Resultado: evidenciada incongruência entre nível cognitivo/intelectivo (resultado esperado) e graves dificuldades construccionais verificadas no resultado obtido.

Ademais, dos autos do processo constava do­cumento com a assinatura do examinando, com letra firme, clara e legível, incongruente com o resultado do teste de cópia do desenho.

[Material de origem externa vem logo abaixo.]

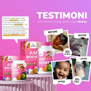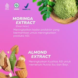 MOMSY Breast Milk Booster is a breastfeeding booster product that is able to increase breast milk production and fulfill the nutrition of mothers and babies. Utilizing 4 NATURAL INGREDIENTS AT ONCE that are trusted for generations and have been clinically tested can increase breast milk production in breastfeeding mothers. BREAST BOOSTER MOMSY BPOM TR 223011761 HALAL LPPOM DIY-12130003801222 ADVANTAGES OF MOMSY BREAST MILK BOOSTER Almond Extract Moringa Extract (Moringa Leaf) Fenugreek (Bibi Klabet) Canna (Snakehead Fish) Extract The content of ALMOND EXTRACT is beneficial for breastfeeding mothers so that it can be used as a galachagog. Contains Fiber, Protein, Vitamin E, Calcium and Folic Acid which is good for breastfeeding mothers. As well as containing unsaturated fats that can increase breast milk density The content of Moringa Leaves is useful for increasing Prolactin levels which can increase breast milk production, Strengthen the immune system of mothers and babies and prevent anemia The content of FENUGREEK is useful to increase the ANTIOXIDANTS needed by mothers during breastfeeding to avoid oxidative stress The content of SNAKEHEAD FISH Extract is useful for healing postpartum wounds and contains nutrients (Protein, Unsaturated Fat & Carbohydrates) which are useful as an additional intake of nutrients for breastfeeding mothers. THE FULL BENEFITS OF BREAST MILK BOOST MOMSY Increase MILK PRODUCTION Improve the QUALITY of Breast Milk Helps the postpartum wound healing process Nutritional fulfillment for Mommy and baby (Protein, Carbohydrates, Vitamin E, Calcium & Folic Acid) Increases ANTIOXIDANTS to avoid OXIDATIVE STRESS Increase immunity for mommy and baby RECOMMENDED USE : Consume MOMSY Boost Breast Milk 1-2 capsules, 3x a day after meals consistently Meet the body's fluid needs, which is 3 liters per day Happy Mommy, Healthy Baby in the sense that breast milk production is also affected by Mommy's condition. Routine & actively giving breast milk to the baby Bestienya Mommy-Mommy

Assim, concluiu-se pela presença de simulação de resultado deficitário.

Diagnóstico

CID-10 – simulação – Z 76. 5

DSM-IV – simulação – V 65. 2

Comentários

Os elementos que indicam simulação são inúmeros: a atitude pueril, incompatível com o passado laborativo e militar do examinando; os sintomas neurológicos (ataxia/abasia, tremores, queda) inconsistentes, somando-se às idéias per­secutórias mal caracterizadas; as crises descritas, um arremedo caricato do que seria um transtorno de estresse pós-traumático; a inexistência, enfim, de elementos que configurem qualquer síndrome psiquiátrica consistente. A presença de para-res­postas comprova a compreensão dos quesitos formulados. A testagem efetuada confirma a incon­sistência do que é apresentado. Ademais, a atitude psicológica do examinando, avaliada através dos conteúdos expressos verbalmente, evidencia uma postura claramente defensiva e dissimuladora. O comportamento e os relatos dos acompanhantes complementam a atitude simulatória.


Conclusões

Simulação em psicopatologia clínica, ao contrário do que tradicionalmente davam a entender os tratados, é possibilidade que nunca deve ser desprezada, constituindo-se, inclusive, em ocorrência relativa­mente freqüente na prática psico-forense.

O estudo especializado e sistemático do tema possibilitará o municiamento do profissional da área com estratégias de abordagem que facilitarão a veracidade e a precisão na sua tarefa cotidiana de avaliação forense.

(*) Artigo apresentado por mim, em Simpósio da Justiça de São Paulo, como perito criminal, em nov/2006.